_What to do_
The result should be an exact copy of only the lines from the one holding "我发现这些加点的词是表示动作" through the last line of the data below, please, without pictures.

Data section section start

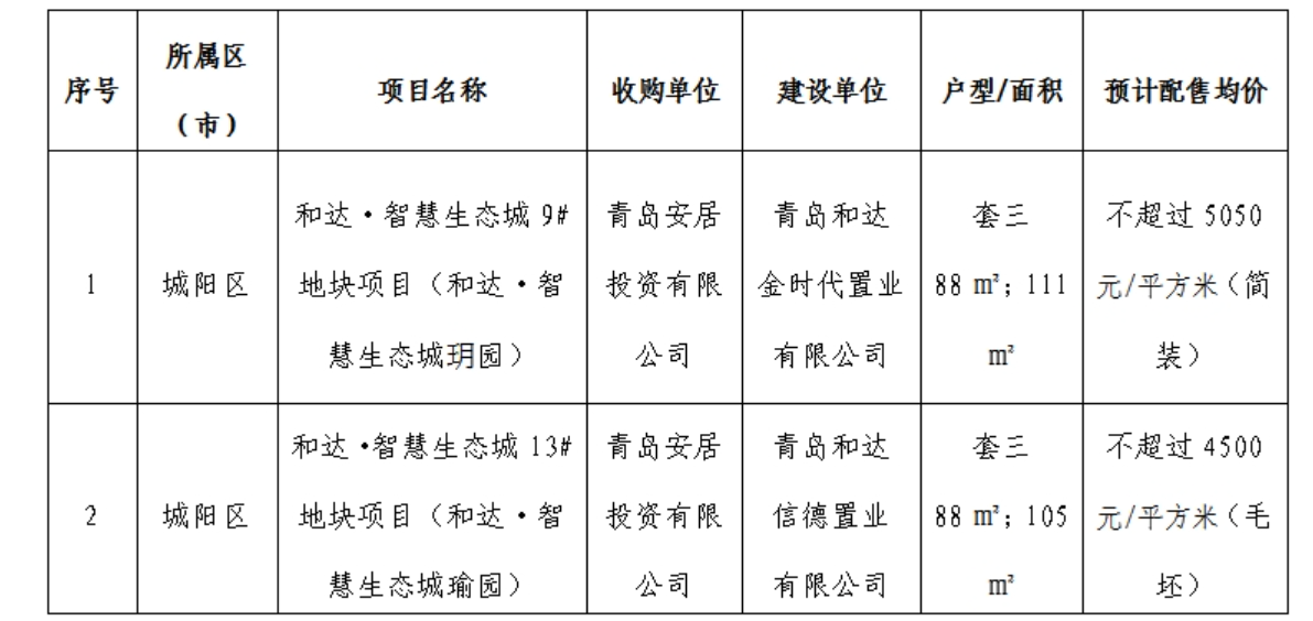 青岛日报社/观海新闻8月27日讯 今天,青岛市住房和城乡建设局发布和达·智慧生态城配售型保障性住房购买需求征集有关事宜的公告,为进一步做好收购已建成存量房用作配售型保障性住房工作,依城阳区住建部门申请,现对城阳区和达·智慧生态城项目开展购买需求征集工作。
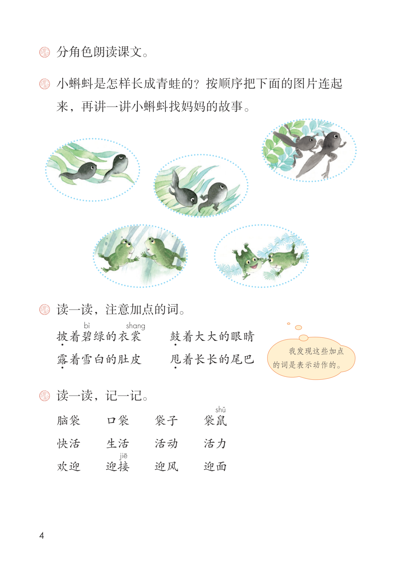 我发现这些加点的词是表示动作的。这四个短语都是由一个动词加上一个词组构成的。读的时候,“披、鼓、露、甩”语气要重一些。而“碧绿的、大大的、雪白的、长长的”这些形容词要读得轻柔且语速慢些。
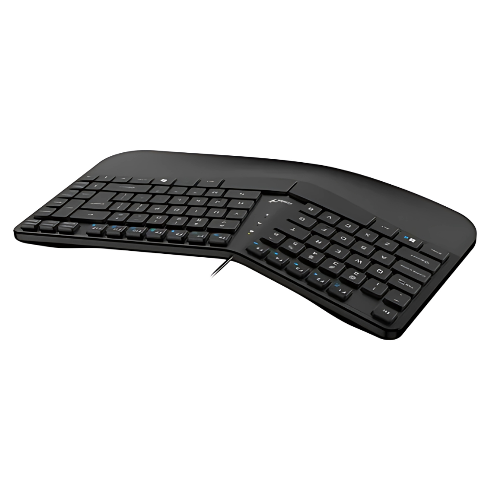 • Distribución de teclas dividida para una postura natural de las manos
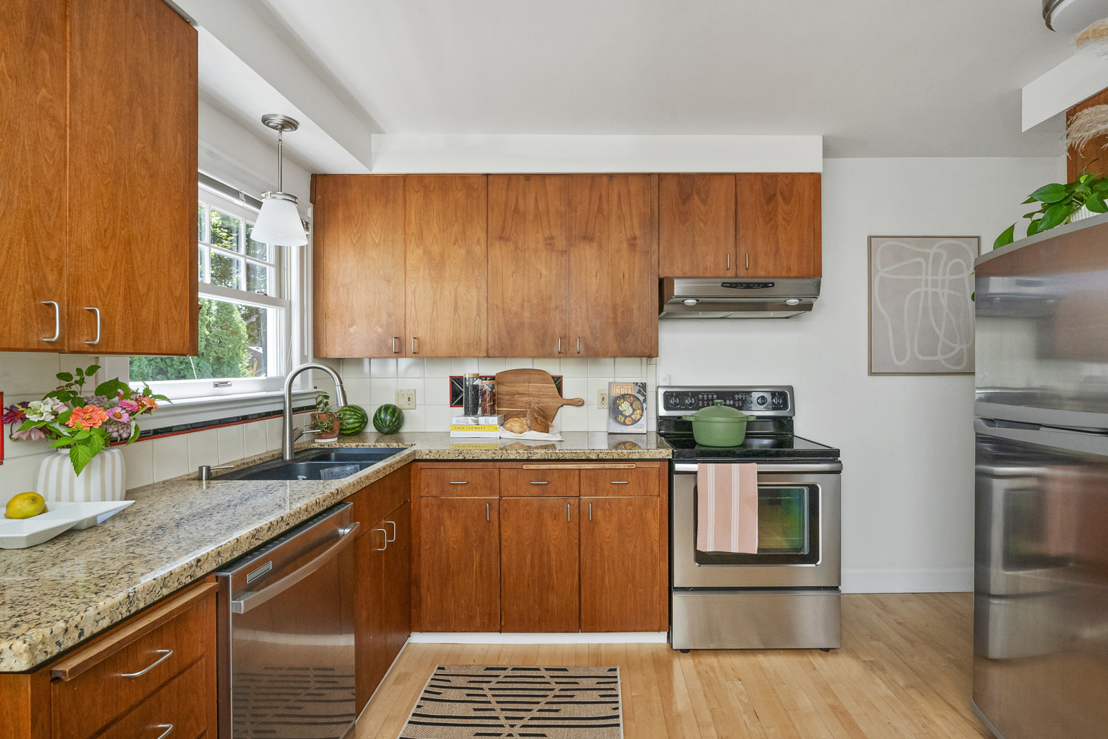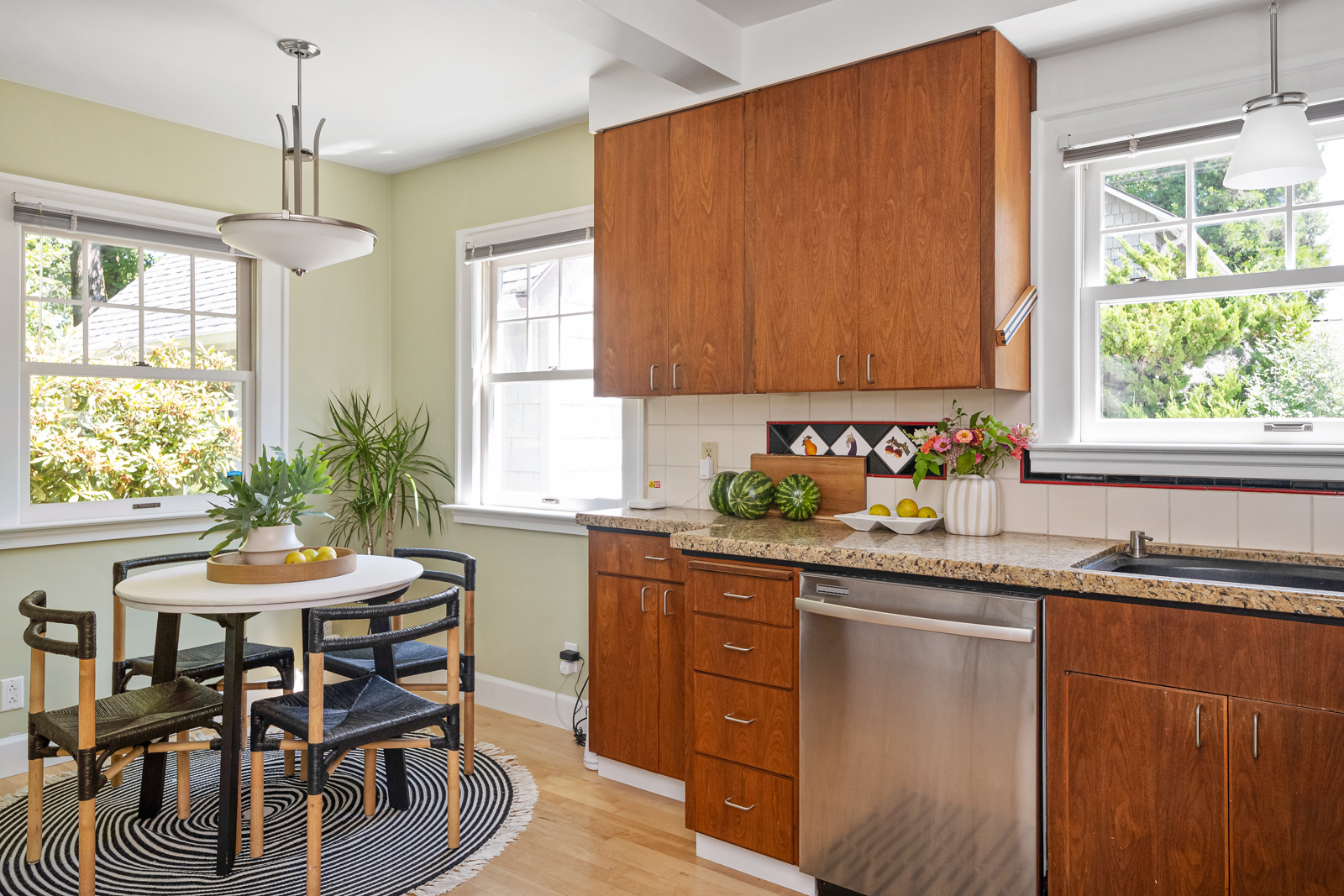 Step through the front door into a sunny living room with built-ins and a cozy newer gas fireplace that’s open to the large formal dining room. The eat-in kitchen features preserved original bookmatched walnut cabinetry with updated appliances and granite counters. Excellent layout: one bedroom and full bath on the main, with two more bedrooms and a full bath upstairs. Partially finished basement could be a gym space or media room with plenty of additional storage.

Data section section end

_Response_
 我发现这些加点的词是表示动作的。这四个短语都是由一个动词加上一个词组构成的。读的时候,“披、鼓、露、甩”语气要重一些。而“碧绿的、大大的、雪白的、长长的”这些形容词要读得轻柔且语速慢些。
 • Distribución de teclas dividida para una postura natural de las manos
 Step through the front door into a sunny living room with built-ins and a cozy newer gas fireplace that’s open to the large formal dining room. The eat-in kitchen features preserved original bookmatched walnut cabinetry with updated appliances and granite counters. Excellent layout: one bedroom and full bath on the main, with two more bedrooms and a full bath upstairs. Partially finished basement could be a gym space or media room with plenty of additional storage.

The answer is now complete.